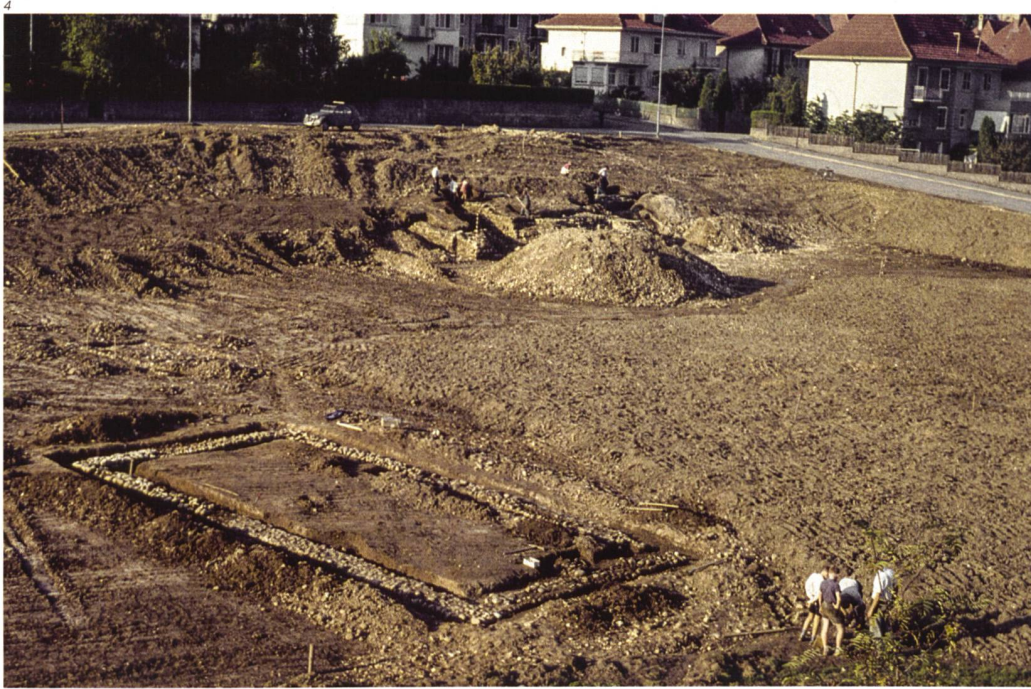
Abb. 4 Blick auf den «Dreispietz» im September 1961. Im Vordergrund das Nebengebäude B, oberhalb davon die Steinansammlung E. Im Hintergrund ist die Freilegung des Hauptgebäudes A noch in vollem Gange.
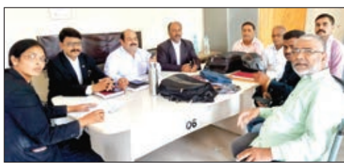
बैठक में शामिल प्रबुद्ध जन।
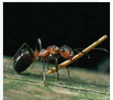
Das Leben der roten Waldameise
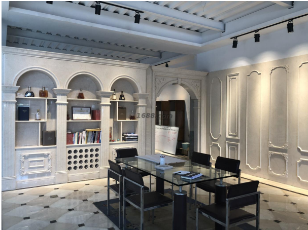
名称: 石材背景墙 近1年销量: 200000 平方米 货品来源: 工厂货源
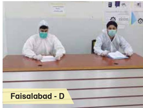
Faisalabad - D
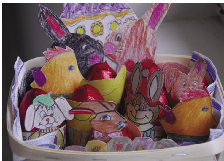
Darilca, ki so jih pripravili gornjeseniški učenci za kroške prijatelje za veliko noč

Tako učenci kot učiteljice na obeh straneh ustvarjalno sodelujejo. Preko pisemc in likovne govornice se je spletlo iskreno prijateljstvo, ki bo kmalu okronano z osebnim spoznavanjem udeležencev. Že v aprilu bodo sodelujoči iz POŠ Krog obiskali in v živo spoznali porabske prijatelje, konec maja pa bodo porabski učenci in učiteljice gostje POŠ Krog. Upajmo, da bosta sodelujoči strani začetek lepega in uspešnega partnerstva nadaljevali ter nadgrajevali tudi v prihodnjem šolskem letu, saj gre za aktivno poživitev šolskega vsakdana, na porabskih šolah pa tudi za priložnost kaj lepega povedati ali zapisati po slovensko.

§ §

■ **WHAT THE TASK REQUIRES**
Return the lines from the one containing "Das Leben der roten Waldameise" through the last line of the records, both included, exactly as written and with no pictures.

■ **WRITTEN REPLY**
Das Leben der roten Waldameise
名称: 石材背景墙 近1年销量: 200000 平方米 货品来源: 工厂货源
Faisalabad - D
Darilca, ki so jih pripravili gornjeseniški učenci za kroške prijatelje za veliko noč

Tako učenci kot učiteljice na obeh straneh ustvarjalno sodelujejo. Preko pisemc in likovne govornice se je spletlo iskreno prijateljstvo, ki bo kmalu okronano z osebnim spoznavanjem udeležencev. Že v aprilu bodo sodelujoči iz POŠ Krog obiskali in v živo spoznali porabske prijatelje, konec maja pa bodo porabski učenci in učiteljice gostje POŠ Krog. Upajmo, da bosta sodelujoči strani začetek lepega in uspešnega partnerstva nadaljevali ter nadgrajevali tudi v prihodnjem šolskem letu, saj gre za aktivno poživitev šolskega vsakdana, na porabskih šolah pa tudi za priložnost kaj lepega povedati ali zapisati po slovensko.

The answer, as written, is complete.